The Hiddenite area of western North Carolina has long been known as North America’s most significant source of gem-quality emerald. Emerald from the Hiddenite area is hosted by quartz-carbonate Alpine-type veins that developed within Precambrian migmatitic schists and gneisses. Overshadowed by the presence of emerald is the occurrence of the Cr-bearing gem variety of spodumene known as hiddenite. The two gem minerals are closely associated throughout the area and typically occur within the same mineral deposit. This rare and unique association of emerald (beryl) and hiddenite (spodumene) is unprecedented and is unknown from emerald deposits and Alpine-type veins worldwide.
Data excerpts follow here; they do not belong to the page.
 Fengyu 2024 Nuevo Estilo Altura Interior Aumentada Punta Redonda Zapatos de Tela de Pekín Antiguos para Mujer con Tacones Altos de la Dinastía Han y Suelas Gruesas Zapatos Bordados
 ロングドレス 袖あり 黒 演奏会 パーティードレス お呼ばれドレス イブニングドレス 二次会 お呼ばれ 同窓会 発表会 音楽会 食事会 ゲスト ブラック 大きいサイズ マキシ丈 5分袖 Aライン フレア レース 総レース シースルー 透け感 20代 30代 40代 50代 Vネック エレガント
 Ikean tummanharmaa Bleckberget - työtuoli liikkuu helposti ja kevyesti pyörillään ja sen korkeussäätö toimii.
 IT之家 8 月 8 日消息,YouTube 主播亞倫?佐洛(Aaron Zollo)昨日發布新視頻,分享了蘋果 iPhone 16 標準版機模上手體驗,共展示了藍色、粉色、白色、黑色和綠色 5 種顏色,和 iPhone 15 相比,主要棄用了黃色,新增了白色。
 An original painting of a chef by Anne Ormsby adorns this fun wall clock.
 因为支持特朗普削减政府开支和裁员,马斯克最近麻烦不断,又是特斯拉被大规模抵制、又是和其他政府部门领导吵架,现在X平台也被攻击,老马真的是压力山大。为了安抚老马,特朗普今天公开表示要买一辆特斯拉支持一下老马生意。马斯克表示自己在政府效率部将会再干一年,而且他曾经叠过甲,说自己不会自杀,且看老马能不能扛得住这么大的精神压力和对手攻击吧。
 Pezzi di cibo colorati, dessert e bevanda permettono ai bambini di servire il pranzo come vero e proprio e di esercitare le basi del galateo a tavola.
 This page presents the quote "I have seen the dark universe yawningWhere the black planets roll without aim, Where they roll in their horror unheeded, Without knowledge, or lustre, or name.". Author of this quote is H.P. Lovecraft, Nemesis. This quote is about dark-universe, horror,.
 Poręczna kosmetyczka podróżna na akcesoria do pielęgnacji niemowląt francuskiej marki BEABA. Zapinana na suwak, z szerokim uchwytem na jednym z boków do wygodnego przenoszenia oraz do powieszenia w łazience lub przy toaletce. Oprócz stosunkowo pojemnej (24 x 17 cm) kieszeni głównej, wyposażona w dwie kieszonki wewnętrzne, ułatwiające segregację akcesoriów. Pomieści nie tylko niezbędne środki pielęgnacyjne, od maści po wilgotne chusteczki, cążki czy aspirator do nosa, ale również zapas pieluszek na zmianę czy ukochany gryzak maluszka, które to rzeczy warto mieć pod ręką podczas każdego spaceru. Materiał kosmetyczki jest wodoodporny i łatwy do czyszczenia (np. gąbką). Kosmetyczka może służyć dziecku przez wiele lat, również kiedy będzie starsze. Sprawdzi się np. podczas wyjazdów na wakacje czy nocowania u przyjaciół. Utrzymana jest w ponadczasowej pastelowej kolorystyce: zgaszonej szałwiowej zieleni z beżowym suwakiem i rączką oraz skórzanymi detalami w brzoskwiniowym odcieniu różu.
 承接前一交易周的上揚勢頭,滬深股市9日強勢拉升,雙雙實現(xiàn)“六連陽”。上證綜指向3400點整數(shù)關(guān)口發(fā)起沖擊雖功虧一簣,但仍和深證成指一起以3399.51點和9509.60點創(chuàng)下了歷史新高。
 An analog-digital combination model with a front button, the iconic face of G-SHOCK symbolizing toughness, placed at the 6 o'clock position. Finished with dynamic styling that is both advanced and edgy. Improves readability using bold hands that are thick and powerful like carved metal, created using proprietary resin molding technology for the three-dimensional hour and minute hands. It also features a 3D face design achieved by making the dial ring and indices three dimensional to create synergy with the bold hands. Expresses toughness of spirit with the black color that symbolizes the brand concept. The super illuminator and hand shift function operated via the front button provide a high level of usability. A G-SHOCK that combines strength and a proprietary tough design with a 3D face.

The gem-bearing veins of the Hiddenite area formed from hydrothermal fluids under low temperature (< 250°C) and low pressure (~1 kb) conditions. Based on geochemical studies, the heterogeneous migmatitic rocks appear to be the most likely source of Cr for the emerald and hiddenite mineralization. Local outcroppings of the Rocky Face granitic pluton and unexposed granitic pegmatites have been proposed as possible sources of Be for the crystallization of emerald, however recent examination of “pegmatitic” leucosomes within the migmatite terrane have revealed the presence of aquamarine thereby suggesting that pre-migmatitic rocks may have been the most important contributor of Be for the crystallization of emerald. Presently, there are no rocks exposed that could be considered as likely sources of Li for the crystallization of hiddenite.

The exploration for new gem-bearing Alpine-type veins in the Hiddenite area is hindered by the lack of suitable outcropping of migmatite and continues to rely heavily upon the haphazard examination of the overlying saprolite layer. Current and past workings of known emerald and hiddenite occurrences suggest that the gem-bearing vein system may be restricted to a northeast-southwest trending belt of unknown width and length. Within individual workings, differences in the crystal morphology of quartz, rutile and pyrite, coupled with differences in the assemblages of carbonate and sulfide minerals can serve as useful indicators of emerald or hiddenite mineralization.